SOURCE MATERIAL =>
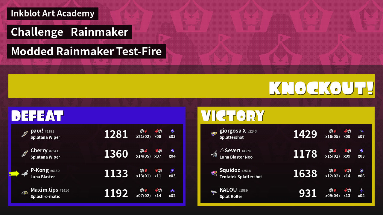| Medals | #1 Rainmaker Stopper #1 Ink Consumer #2 Enemy Splatter | ||
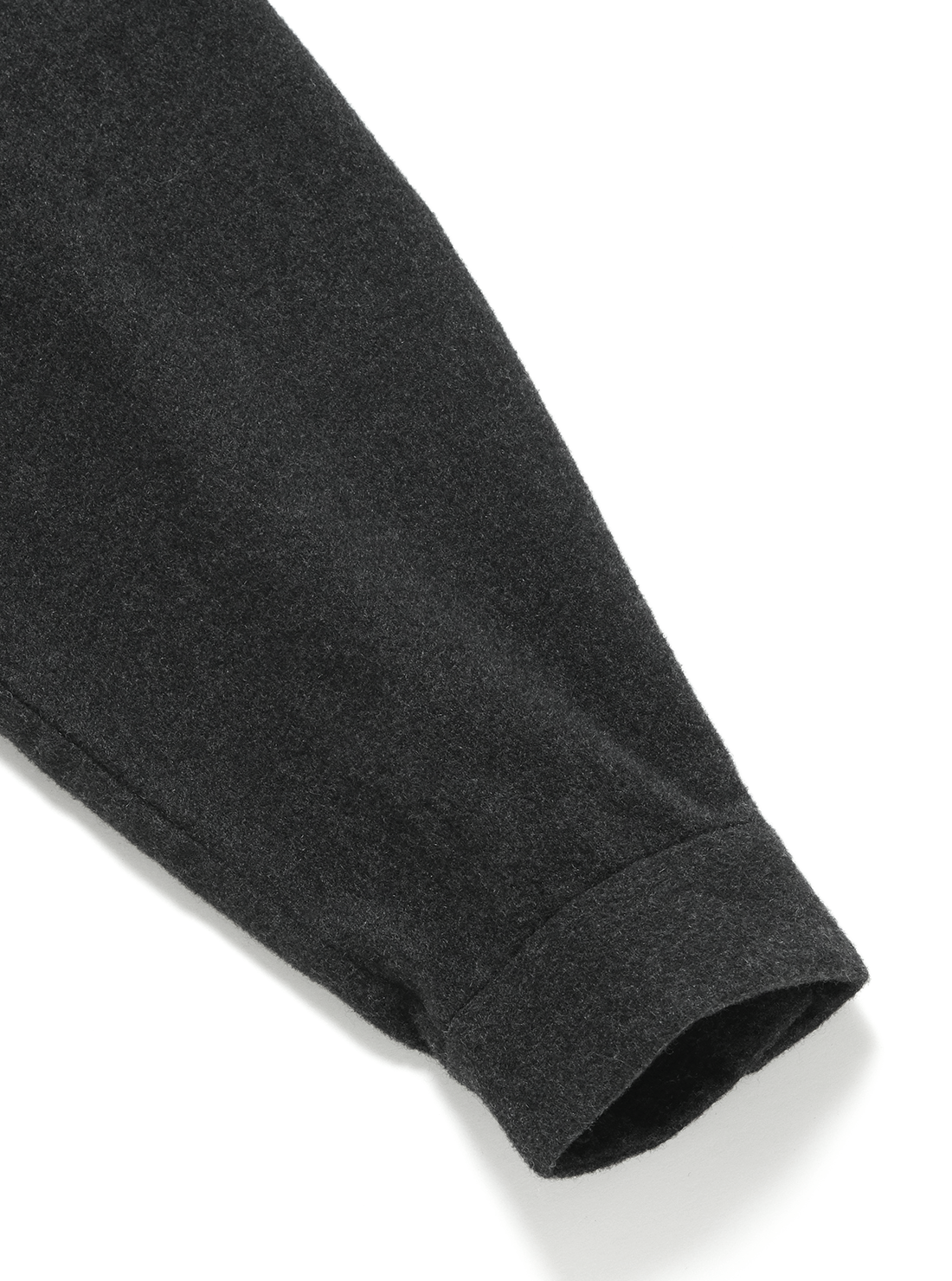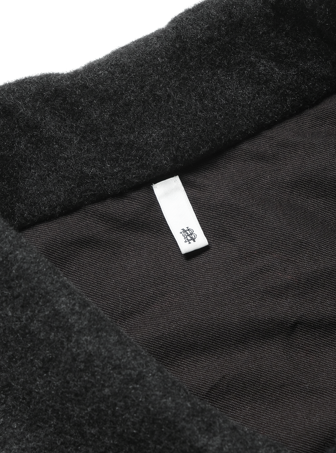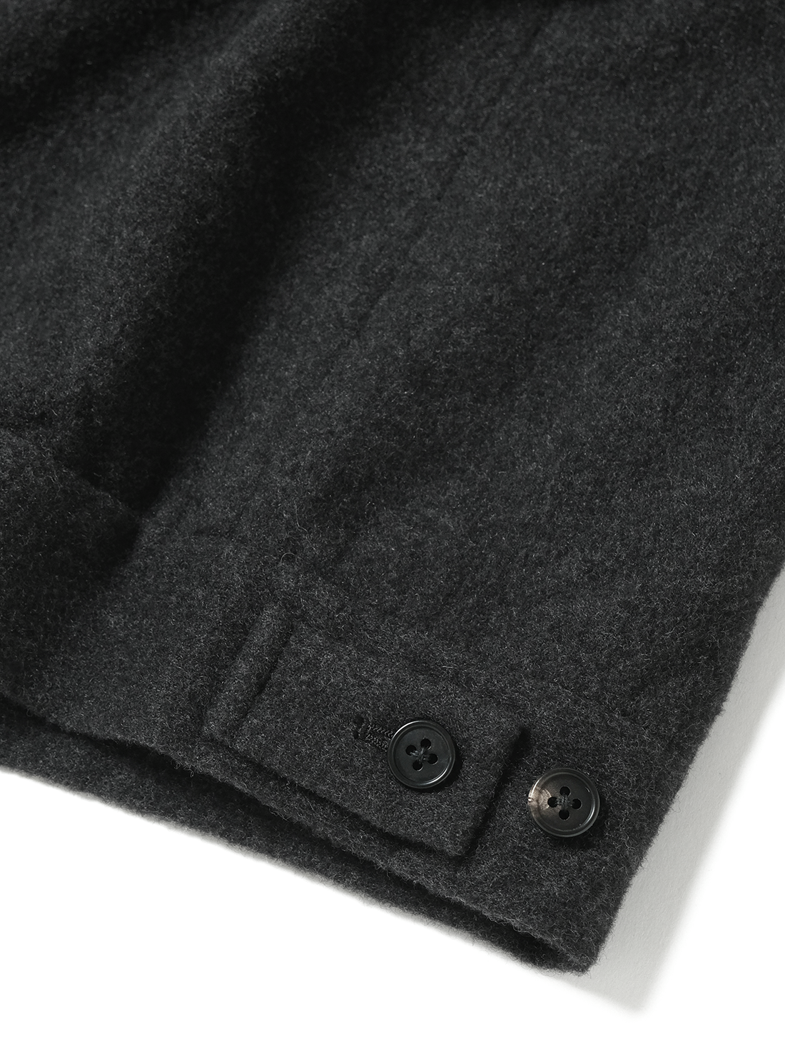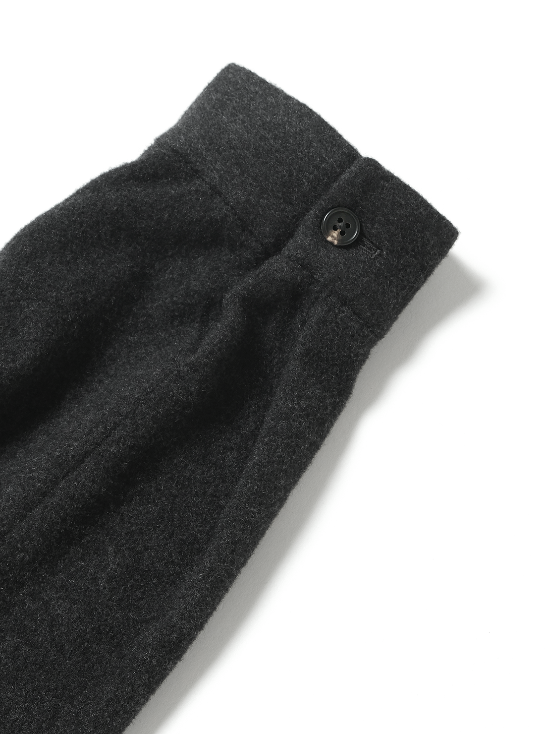 ニット用に紡績された紡毛カシミヤに甘く撚りをかけて生地に仕立て、さらにニット用の縮絨加工を施すことで、布帛でありながらニットのような柔らかさと膨らみを実現。裾にはサイドアジャスター付き。
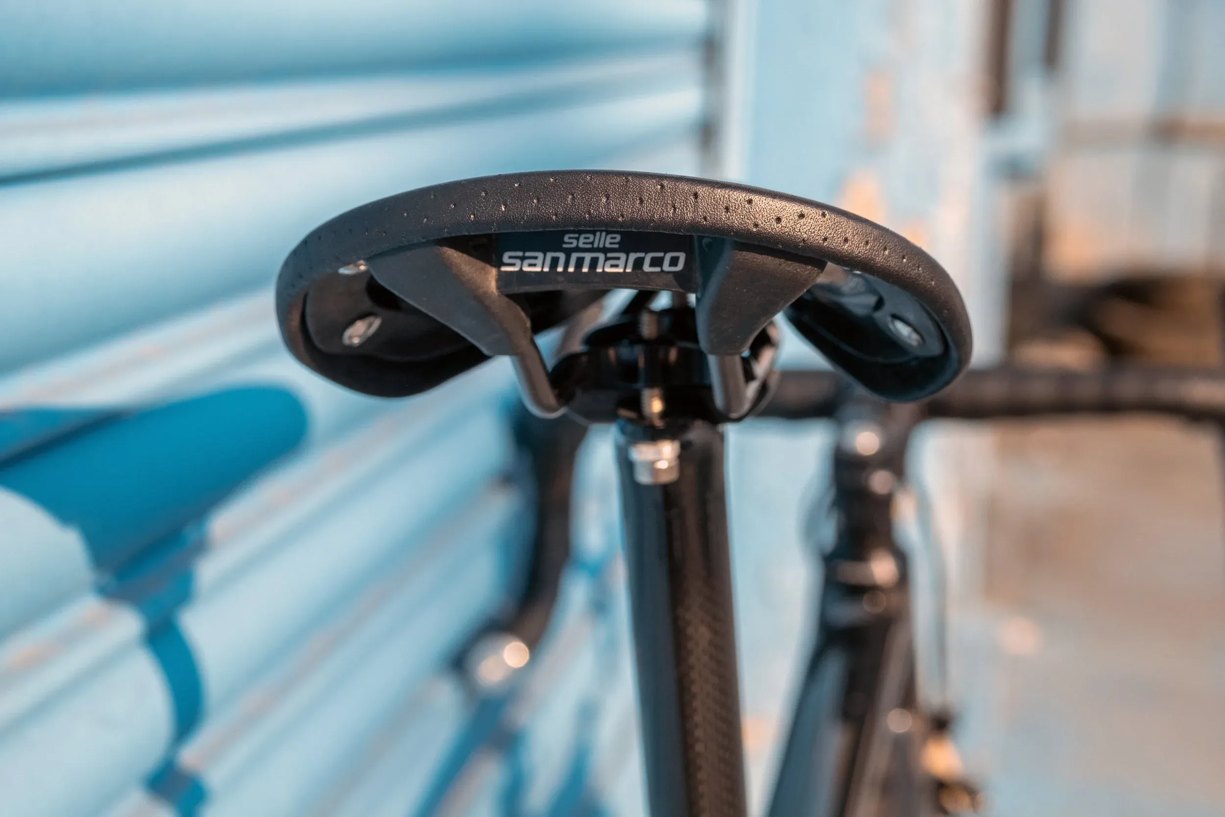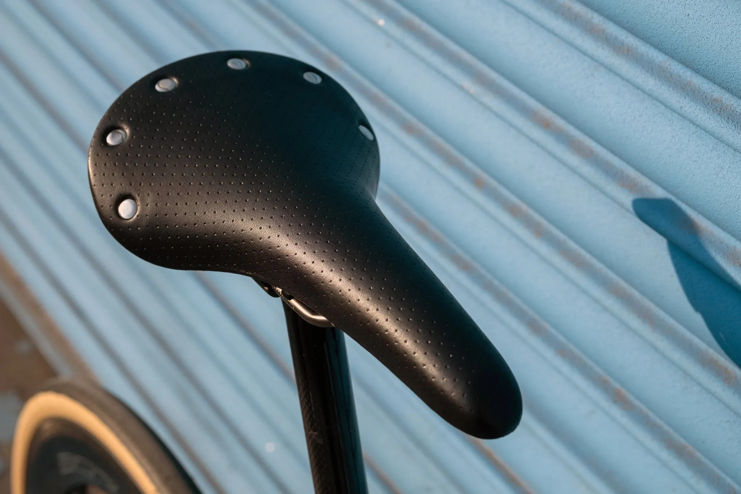 Saddle: San Marco Regal, custom wrapped in perforated leather with chrome rivets by Kontour.cc. Matches the perforated leather bar tape. It is heavy for a lightweight climbing bike. I do not care. Classic saddles are beautiful, and I am happy to carry the weight penalty.
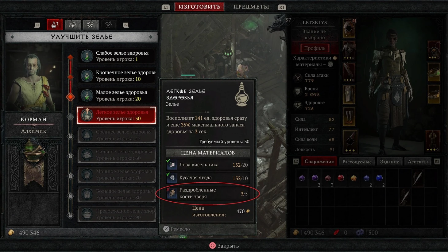 В Diablo 4 герой добывает горные породы, срывает целебные травы и достает внутренности из поверженных врагов. Все ресурсы важны для крафта и улучшения зелий. Обычно с расходниками нет проблем, но раздробленные кости зверя придется поискать.

WHAT IS REQUIRED => An exact copy of all the data above is required; omit any pictures.

RESPONSE =>
| Medals | #1 Rainmaker Stopper #1 Ink Consumer #2 Enemy Splatter | ||
 ニット用に紡績された紡毛カシミヤに甘く撚りをかけて生地に仕立て、さらにニット用の縮絨加工を施すことで、布帛でありながらニットのような柔らかさと膨らみを実現。裾にはサイドアジャスター付き。
 Saddle: San Marco Regal, custom wrapped in perforated leather with chrome rivets by Kontour.cc. Matches the perforated leather bar tape. It is heavy for a lightweight climbing bike. I do not care. Classic saddles are beautiful, and I am happy to carry the weight penalty.
 В Diablo 4 герой добывает горные породы, срывает целебные травы и достает внутренности из поверженных врагов. Все ресурсы важны для крафта и улучшения зелий. Обычно с расходниками нет проблем, но раздробленные кости зверя придется поискать.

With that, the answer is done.